Since variation in the HLA region is well known to impact rate of HIV-1 disease progression and not acquisition, we sought to better understand the observed associations at this locus. Due to their shorter survival time, patients with rapid disease progression are underrepresented in seroprevalent cohorts, while individuals with prolonged disease-free survival times are more likely to be included, leading to an enrichment of factors that protect against disease progression in such populations. Additionally, some of the cohorts accessed for this analysis specifically recruited long-term non-progressors (LTNPs, Groups 2, 3 and 4). Inspection of the effect estimates at the top SNP (rs4418214) per data set showed that the majority of the association signal was driven by groups specifically enriched for LTNPs (Figure 2b) suggesting a possible frailty bias in the overall results. To assess the potential contribution of frailty bias, we ran association testing as previously but restricting the case population to 2,173 individuals with a known date of seroconversion that were not enrolled in LTNP cohorts. Association testing in this sample showed no variants passing the genome-wide significance threshold. Additionally, rs4418214 dramatically dropped in strength of association to p = 0.02, with all other previously genome-wide significant SNPs suffering a similar loss in association strength (Figure 2c and Table S2 in Text S1). In order to address whether this loss of association signal could be due to the reduced size of the case population rather than frailty bias, we performed a sensitivity analysis where we tested for association at rs4418214 restricting the HIV+ cases to 2,173 individuals randomly selected from the full case sample. We repeated this procedure 1,000 times and compared the p-value from the random case selection to that obtained when restricting to seroconverters. Of these 1,000 tests, only one resulted in a loss of association signal that was similar to what was observed when restricting to seroconverters (Figure S2 in Text S1). This suggests that the signal observed in the full acquisition analysis is most likely due to frailty bias.

Polygenic analysis

Previous studies in large cohorts have shown that multiple genetic variants with small effect sizes that contribute to complex traits, but fall below the genome-wide significance threshold, can be detected by examining the consistency of their combined effects across studies [19]. We sought to test for evidence of such polygenic inheritance in our study population. To do this (and to avoid overfitting), we split our sample into a discovery set (Groups 1,2,4,5 and 6) and a test set (Group 3) and performed genome-wide association testing and meta-analysis on the discovery set. Based on these results, we generated sets of high-quality SNPs (minor allele frequency >0.1, imputation accuracy >0.9) in relative linkage equilibrium (r2<0.1, informed by p-value in the discovery set, see methods) falling below various p-value thresholds (PT). Scores were then generated for all individuals in Group 3 by summing the weighted genotype dosage (using the log odds ratio from the discovery set as weights) of all SNPs below a given PT. Phenotype was then regressed on this score using logistic regression including covariates. We assessed both the significance of the score and the phenotypic variance explained (using Nagelkerke's pseudo-R2 [20]). We did not observe a significant association between the calculated score and phenotype in the discovery set at any PT (Figure 3). This further suggests that effects of common variants on HIV-1 acquisition detectable by this study design are negligible.

Figure 3

Analysis of bulk SNP effects shows no evidence for enrichment of association signal across data sets.

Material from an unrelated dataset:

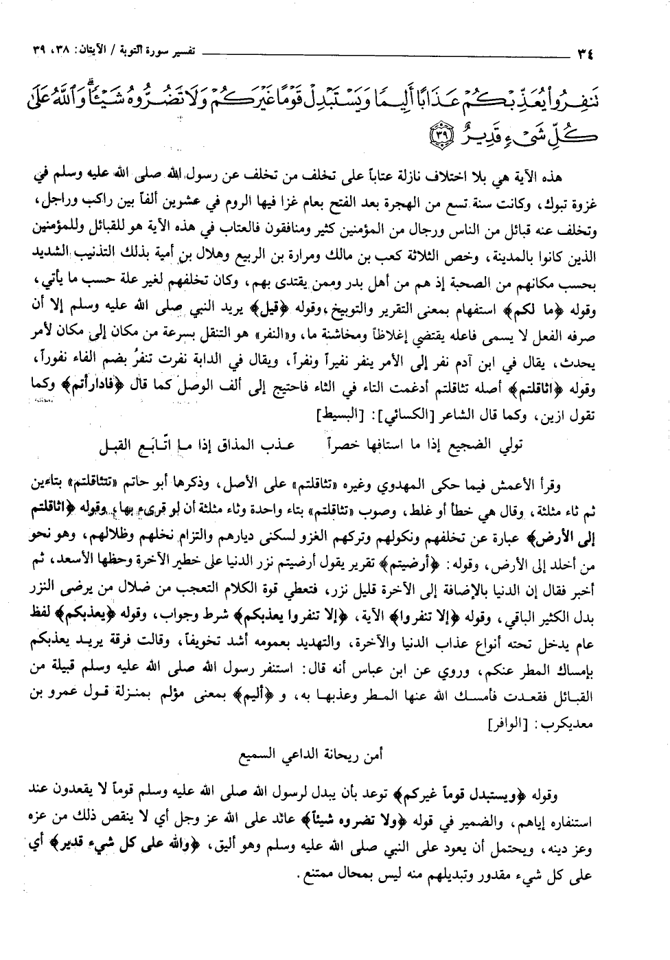 وقرأ الأعمش فيما حكى المهدوي وغيره «تثاقلتم» على الأصل، وذكرها أبو حاتم «تتثاقلتم» بتاءين ثم ثاء مثلثة، وقال هي خطأ أو غلط، وصوب «تثاقلتم» بتاء واحدة وثاء مثلثة أن لو قرىء بها، وقوله اثَّاقَلْتُمْ إِلَى الْأَرْضِ عبارة عن تخلفهم ونكولهم وتركهم الغزو لسكنى ديارهم والتزام نخلهم وظلالهم، وهو نحو من أخلد إلى الأرض، وقوله: أَرَضِيتُمْ تقرير يقول أرضيتم نزر الدنيا على خطير الآخرة وحظها الأسعد، ثم أخبر فقال إن الدنيا بالإضافة إلى الآخرة قليل نزر، فتعطي قوة الكلام التعجب من ضلال من يرضى النزر بدل الكثير الباقي، وقوله إِلَّا تَنْفِرُوا الآية، إِلَّا تَنْفِرُوا يُعَذِّبْكُمْ شرط وجواب، وقوله يُعَذِّبْكُمْ لفظ عام يدخل تحته أنواع عذاب الدنيا والآخرة، والتهديد بعمومه أشد تخويفا، وقالت فرقة يريد يعذبكم بإمساك المطر عنكم، وروي عن ابن عباس أنه قال: استنفر رسول الله صلى الله عليه وسلم قبيلة من القبائل فقعدت فأمسك الله عنها المطر وعذبها به، و «أليم» بمعنى مؤلم بمنزلة قول عمرو بن معديكرب: [الوافر] أمن ريحانة الداعي السميع وقوله وَيَسْتَبْدِلْ قَوْماً غَيْرَكُمْ توعد بأن يبدل لرسول الله صلى الله عليه وسلم قوما لا يقعدون عند استنفاره إياهم، والضمير في قوله وَلا تَضُرُّوهُ شَيْئاً عائد على الله عز وجل أي لا ينقص ذلك من عزه وعز دينه، ويحتمل أن يعود على النبي صلى الله عليه وسلم وهو أليق، وَاللَّهُ عَلى كُلِّ شَيْءٍ قَدِيرٌ أي على كل شيء مقدور وتبديلهم منه ليس بمحال ممتنع.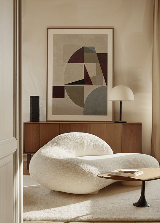 Construído por Dan Hobday sobrepõe traços suaves e pictóricos e formas enevoadas em bege quente e marrom profundo, criando um equilíbrio calmo e contemporâneo de movimento e espaço. Mínima, mas expressiva, sua pincelada gráfica e paleta neutra fazem uma afirmação fácil para interiores modernos e cantos serenos e considerados.

LD pruned SNP sets falling below various p-value thresholds (grey shades, x-axis) were selected based on association results calculated in five of six groups (discovery set). Per individual scores were calculated in a non-overlapping test set (Group 3) by summing the beta-weighted dosage of all SNPs in that set. Model p-value (listed above bars) and variance explained (using Nagelkerke's pseudo R2, y-axis) were calculated by regressing phenotype on per individual score using logistic regression.

Analysis of bulk SNP effects shows no evidence for enrichment of association signal across data sets.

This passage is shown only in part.